Miitopia Review

A simple, yet addictive adventure for all ages.

Miitopia won’t suddenly become the de facto RPG of the 3DS generation. Nintendo’s mix of social experiment and lighthearted turn-based RPG is more of a novelty than a diehard gaming experience. And yet, despite its flaws and limited challenge, the simple fact is that Miitopia is fun. It’s a casual fantasy adventure where your favorite Miis, your friends, and celebrity lookalikes make up the cast. I mean, in what other game can The Dark Lord GabeNewell reign supreme over a party of me, Bill Murray, Robocop, and Princess Zelda? This is our Miitopia review.

It cannot be stated enough that Miitopia is clearly not intended for folks who love Bravely Default, Final Fantasy XV, or other recent staples of the genre. Miitopia is what I like to call a gateway RPG. If my four-year-old son were a bit older, and wanted to play a game on my new 2DS XL, it’d be Miitopia that I handed him first. The controls are simple, you can’t really “lose”, and its tone and depth are basic enough for anyone to grasp.

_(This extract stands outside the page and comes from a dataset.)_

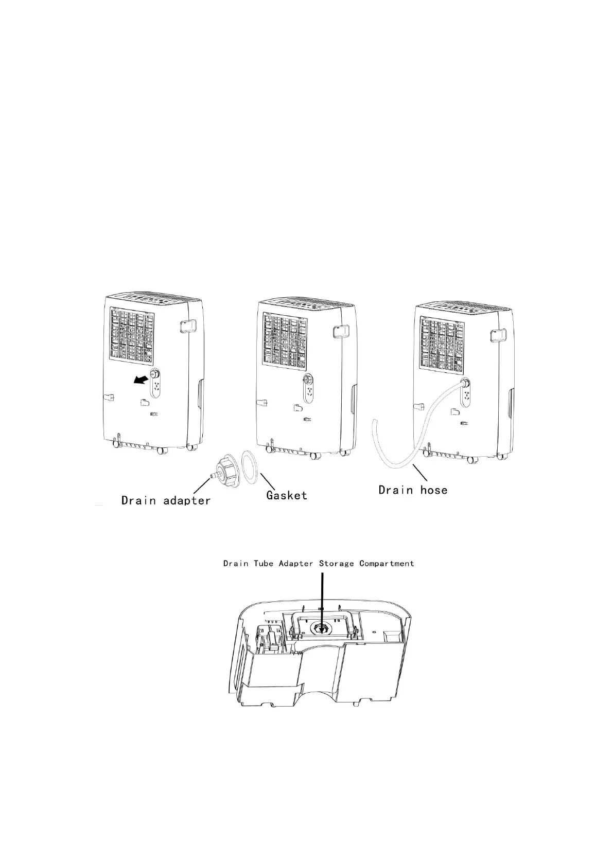 included gasket into the Drain Adapter, then force the Drain Hose onto the Drain Adapter and turn
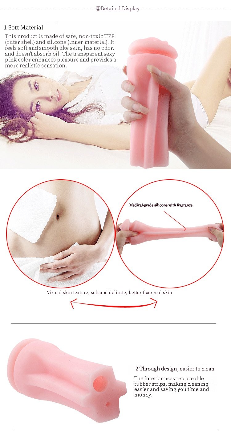 Manual suction and squeezing male masturbator, portable pocket-sized clitoral massager with 3D clitoral multi-zone realistic texture channel, oral sex training sex machine.

There’s an overworld map and you can’t really get lost because it’s on “rails” as it were. Guiding you through the game’s story as you unlock new paths. Think Super Mario World and its connected dots, and you’re on the right track. There are towns you navigate and talk to people in, but they’re also mostly just single-pathed areas where you are provided a bit more mirth and back-story. This is not an exploration based RPG, rather it’s a game whose sole purpose is to entertain you with its Mii interactions and creations.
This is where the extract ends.